Mimblewimble is a stripped down blockchain protocol that employs a novel method for constructing transactions to provide a compelling layer of anonymity in the network. The protocol was originally proposed by an anonymous figure Tom Elvis Jedusor in 2016 and has since undergone some optimizations as the underlying protocol for BEAM and Grin.

Mimblewimble and Privacy

Mimblewimble is a complex protocol explicitly designed to improve the scalability and privacy of a blockchain network by relying on the properties of Elliptic Curve Cryptography.

The protocol uses confidential transactions and ‘blinding factors’ to obfuscate transaction details, with blocks in the blockchain appearing as one large, scrambled transaction with inputs and outputs that cannot be associated with each other. Mimblewimble also enhances efficiency across the network by removing the older transactions from the blockchain and using a method called ‘cut-through’ to eliminate intermediary transactions over time.
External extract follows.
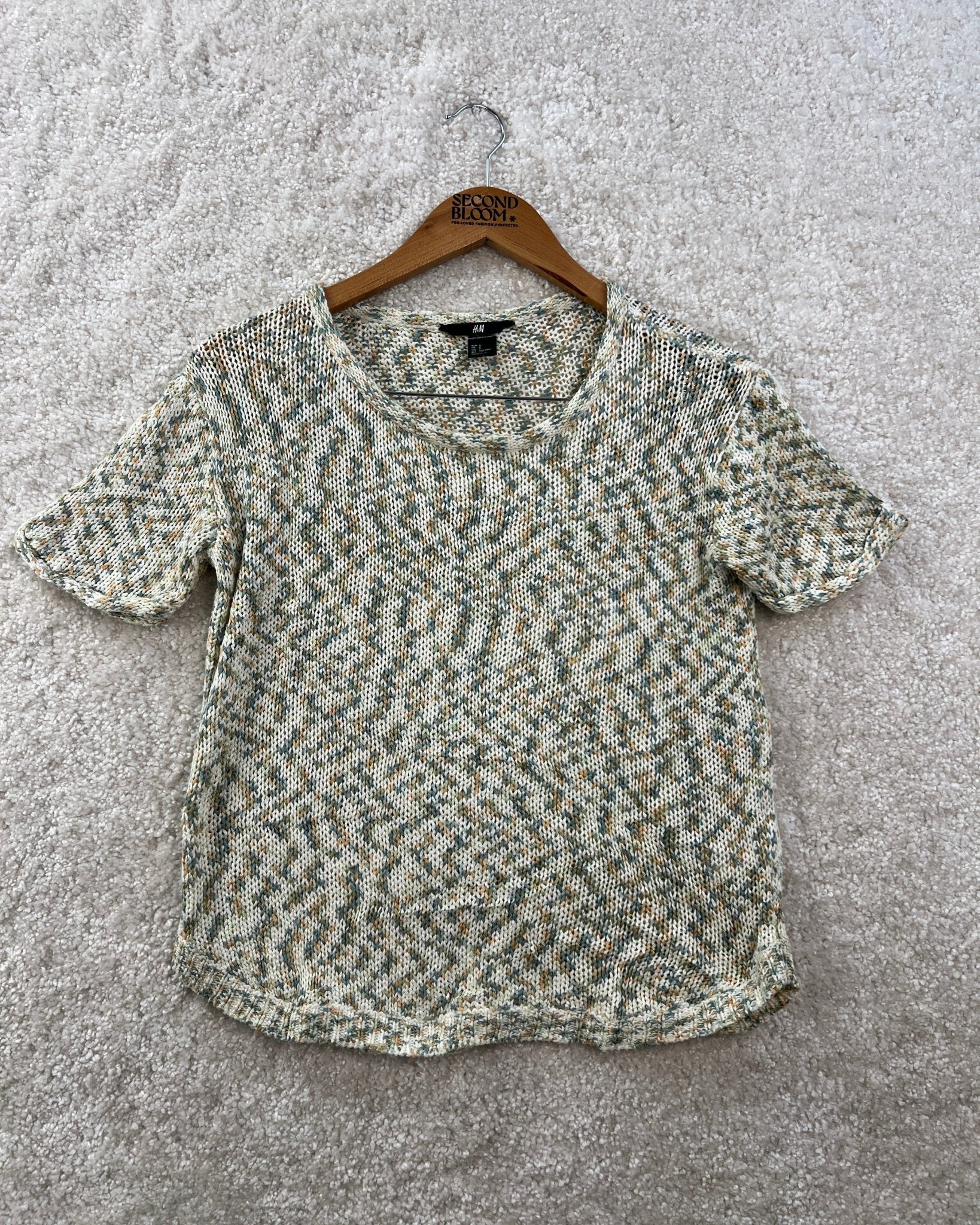 Textured Short Sleeve Top in Muted Green- Size: S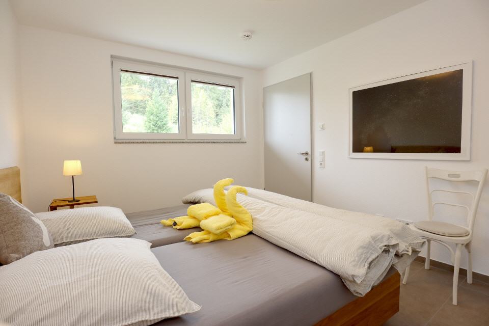 Willkommen in Schönwald im Hochschwarzwald – Ihrer Auszeit auf 1000 Metern Höhe. Unsere moderne Ferienwohnung Schönwaldblick (80 qm + Balkon) wurde 2022 fertiggestellt und liebevoll eingerichtet. Sie erstreckt sich über zwei Stockwerke – das untere Stockwerk mit Küche und Wohnzimmer ist komplett barrierefrei und rollstuhlgerecht.

Both BEAM and Grin are full Mimblewimble implementations but focus on becoming different forms of cryptocurrencies. While Grin strives to be an anonymous medium of payment with a consistent value, BEAM is tailored more towards a confidential and sustainable store of value.

Aspects of Mimblewimble have also been floated for eventual integration into Bitcoin, as it would provide efficiency and privacy improvements for the legacy cryptocurrency. Further, Mimblewimble is compatible with Schnorr signatures — widely considered the best cryptographic signature — that Bitcoin developers plan on adding to the protocol in the near future, and have wanted to for a long time.

BEAM Mainnet

The BEAM launch comes with full desktop clients for Mac, Windows, and Linux as well as a CLI wallet and BEAM node for the same operating systems. Like all initial launches, BEAM notes that there will be bugs and to take necessary cautionary steps before interacting with large sums of value.

BEAM also provides a suite of documentation, including a user guide to get started. BEAM plans on adding several features including atomic swaps with Bitcoin and a mobile wallet as development continues.

Excitement has surrounded Mimblewimble’s potential since its anonymous proposal in 2016. Finally, BEAM has launched the first full implementation of the blockchain protocol, and Grin is set to follow suit soon.